*Supplied information*.
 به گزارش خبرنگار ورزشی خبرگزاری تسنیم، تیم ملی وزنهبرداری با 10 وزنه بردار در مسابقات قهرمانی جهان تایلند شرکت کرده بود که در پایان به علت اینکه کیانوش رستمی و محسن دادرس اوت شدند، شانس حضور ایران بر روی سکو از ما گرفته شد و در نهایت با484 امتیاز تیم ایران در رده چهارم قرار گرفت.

==

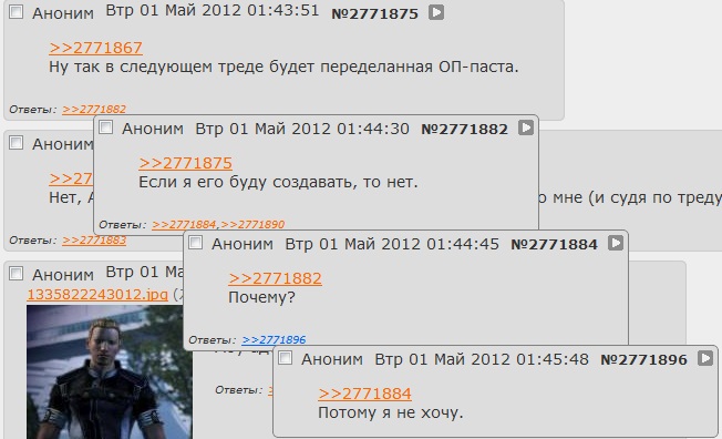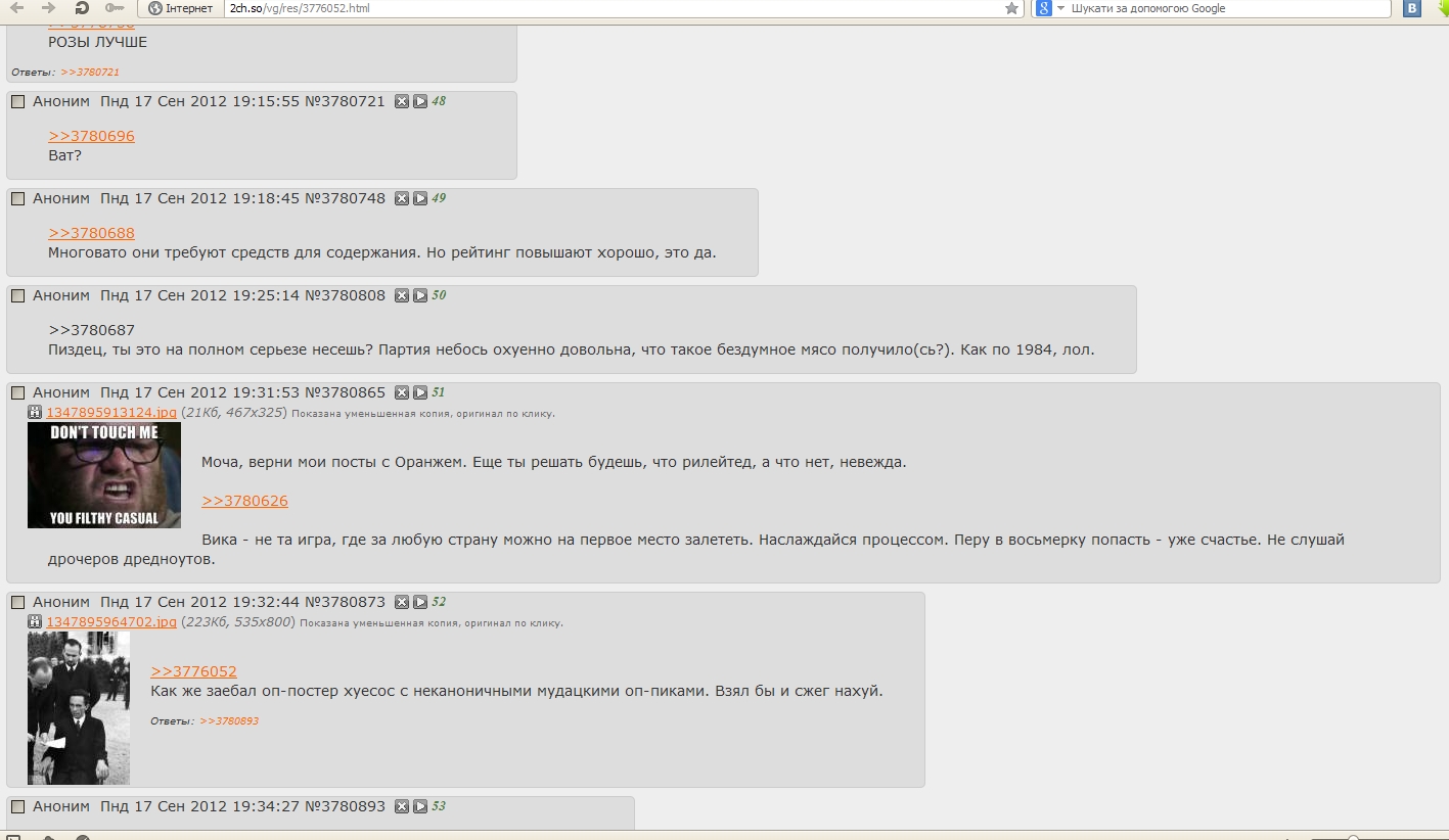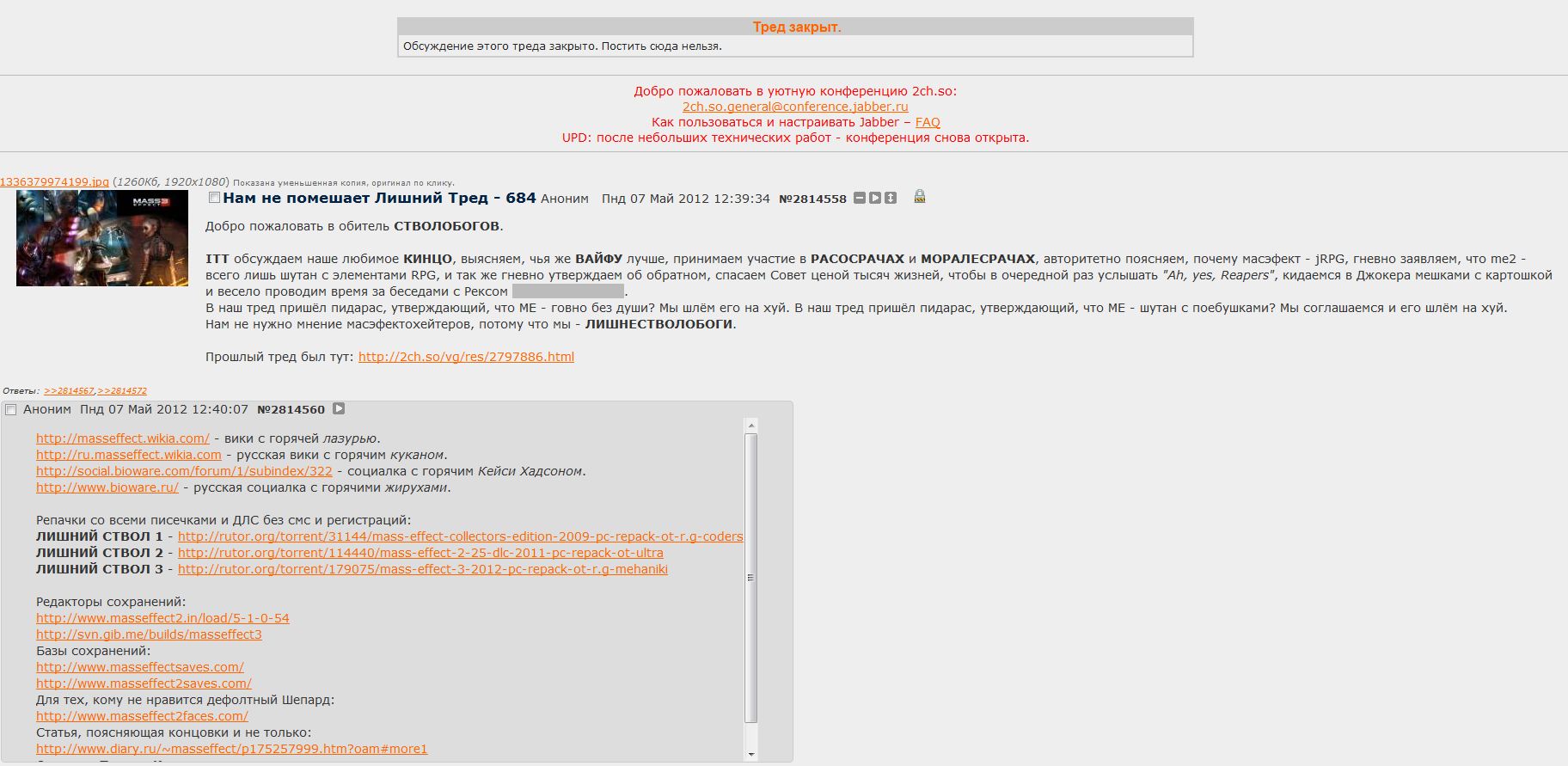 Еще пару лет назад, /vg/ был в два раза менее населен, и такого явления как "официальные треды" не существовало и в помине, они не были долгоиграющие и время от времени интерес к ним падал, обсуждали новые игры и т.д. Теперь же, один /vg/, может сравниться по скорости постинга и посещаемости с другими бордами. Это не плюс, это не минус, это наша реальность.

* * *

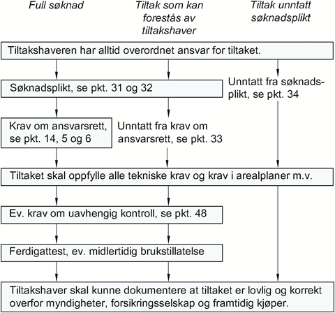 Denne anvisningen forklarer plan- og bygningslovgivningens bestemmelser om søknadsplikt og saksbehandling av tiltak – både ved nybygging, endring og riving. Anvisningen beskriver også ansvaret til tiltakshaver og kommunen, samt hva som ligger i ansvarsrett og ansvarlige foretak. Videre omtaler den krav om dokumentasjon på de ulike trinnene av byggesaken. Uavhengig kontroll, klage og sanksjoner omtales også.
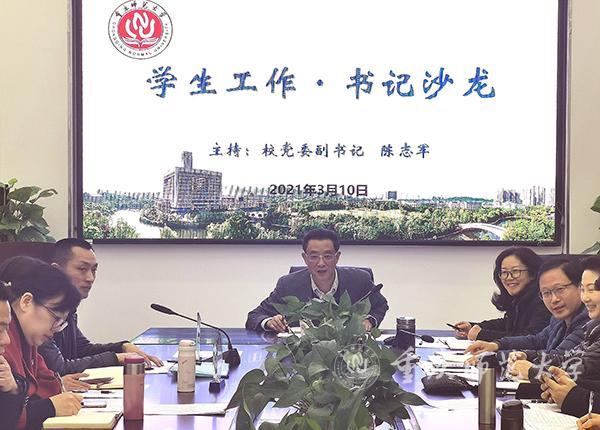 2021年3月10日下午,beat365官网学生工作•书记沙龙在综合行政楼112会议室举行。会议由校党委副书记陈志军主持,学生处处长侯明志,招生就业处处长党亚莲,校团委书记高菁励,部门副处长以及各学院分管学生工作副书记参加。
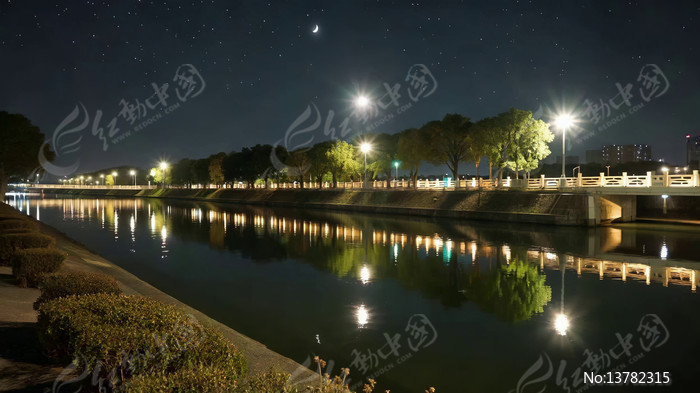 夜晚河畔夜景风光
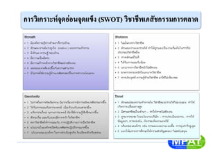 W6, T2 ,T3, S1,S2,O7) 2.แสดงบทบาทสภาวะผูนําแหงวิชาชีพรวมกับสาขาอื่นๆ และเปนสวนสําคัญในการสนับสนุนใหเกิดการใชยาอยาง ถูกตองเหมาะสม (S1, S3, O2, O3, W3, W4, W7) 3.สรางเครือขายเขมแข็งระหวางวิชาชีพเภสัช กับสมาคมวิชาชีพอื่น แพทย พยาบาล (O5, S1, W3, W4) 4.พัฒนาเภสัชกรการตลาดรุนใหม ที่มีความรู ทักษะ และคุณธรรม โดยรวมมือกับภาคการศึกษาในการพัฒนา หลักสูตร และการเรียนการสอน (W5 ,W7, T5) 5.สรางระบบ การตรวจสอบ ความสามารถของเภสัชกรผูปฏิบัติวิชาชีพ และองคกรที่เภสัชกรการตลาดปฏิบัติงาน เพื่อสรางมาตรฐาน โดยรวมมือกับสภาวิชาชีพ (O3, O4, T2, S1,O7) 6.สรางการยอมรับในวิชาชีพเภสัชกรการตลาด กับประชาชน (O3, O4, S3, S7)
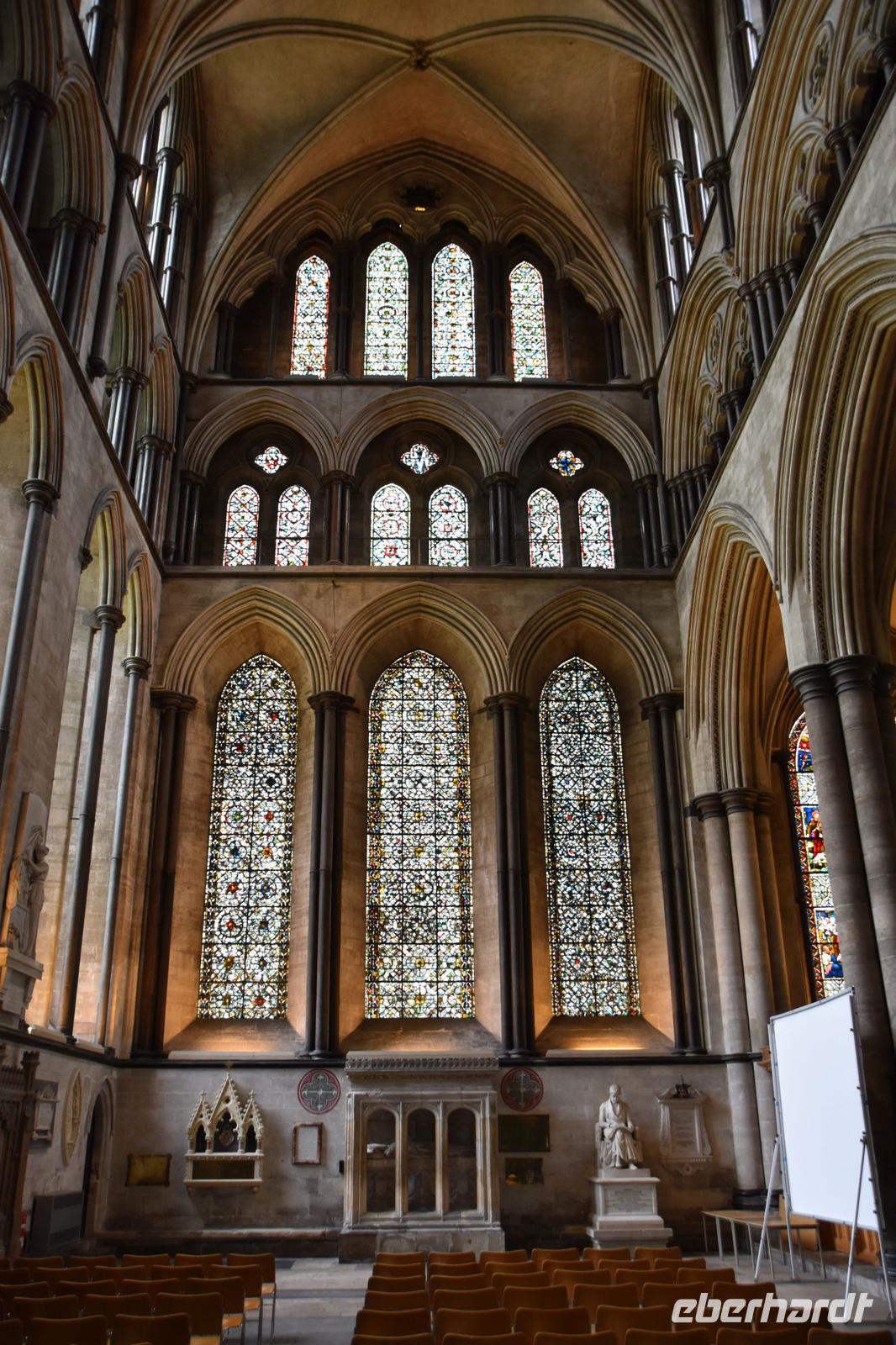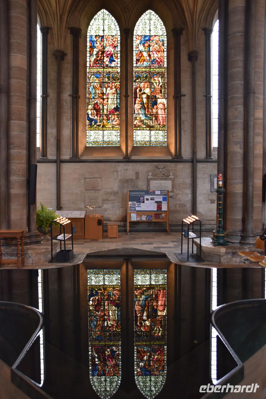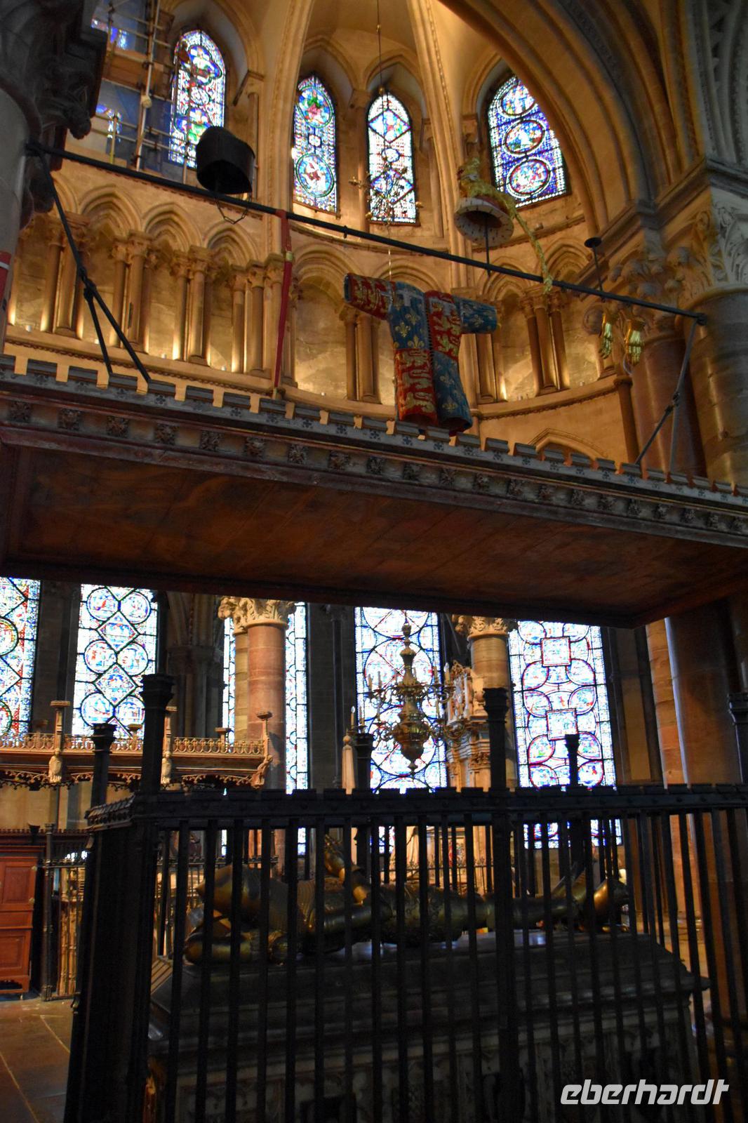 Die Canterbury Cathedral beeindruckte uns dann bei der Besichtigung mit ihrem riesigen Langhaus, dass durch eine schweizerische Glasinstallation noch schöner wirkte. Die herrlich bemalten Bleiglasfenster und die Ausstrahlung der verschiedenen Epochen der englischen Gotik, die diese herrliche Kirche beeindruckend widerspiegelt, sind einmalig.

*Aim of the task*.
Although pictures appear among the records above, none are to be output; print exactly the lines from the line containing "Denne anvisningen forklarer" through the line containing "Die Canterbury Cathedral".

*Task solution*.
 Denne anvisningen forklarer plan- og bygningslovgivningens bestemmelser om søknadsplikt og saksbehandling av tiltak – både ved nybygging, endring og riving. Anvisningen beskriver også ansvaret til tiltakshaver og kommunen, samt hva som ligger i ansvarsrett og ansvarlige foretak. Videre omtaler den krav om dokumentasjon på de ulike trinnene av byggesaken. Uavhengig kontroll, klage og sanksjoner omtales også.
 2021年3月10日下午,beat365官网学生工作•书记沙龙在综合行政楼112会议室举行。会议由校党委副书记陈志军主持,学生处处长侯明志,招生就业处处长党亚莲,校团委书记高菁励,部门副处长以及各学院分管学生工作副书记参加。
 夜晚河畔夜景风光
 W6, T2 ,T3, S1,S2,O7) 2.แสดงบทบาทสภาวะผูนําแหงวิชาชีพรวมกับสาขาอื่นๆ และเปนสวนสําคัญในการสนับสนุนใหเกิดการใชยาอยาง ถูกตองเหมาะสม (S1, S3, O2, O3, W3, W4, W7) 3.สรางเครือขายเขมแข็งระหวางวิชาชีพเภสัช กับสมาคมวิชาชีพอื่น แพทย พยาบาล (O5, S1, W3, W4) 4.พัฒนาเภสัชกรการตลาดรุนใหม ที่มีความรู ทักษะ และคุณธรรม โดยรวมมือกับภาคการศึกษาในการพัฒนา หลักสูตร และการเรียนการสอน (W5 ,W7, T5) 5.สรางระบบ การตรวจสอบ ความสามารถของเภสัชกรผูปฏิบัติวิชาชีพ และองคกรที่เภสัชกรการตลาดปฏิบัติงาน เพื่อสรางมาตรฐาน โดยรวมมือกับสภาวิชาชีพ (O3, O4, T2, S1,O7) 6.สรางการยอมรับในวิชาชีพเภสัชกรการตลาด กับประชาชน (O3, O4, S3, S7)
 Die Canterbury Cathedral beeindruckte uns dann bei der Besichtigung mit ihrem riesigen Langhaus, dass durch eine schweizerische Glasinstallation noch schöner wirkte. Die herrlich bemalten Bleiglasfenster und die Ausstrahlung der verschiedenen Epochen der englischen Gotik, die diese herrliche Kirche beeindruckend widerspiegelt, sind einmalig.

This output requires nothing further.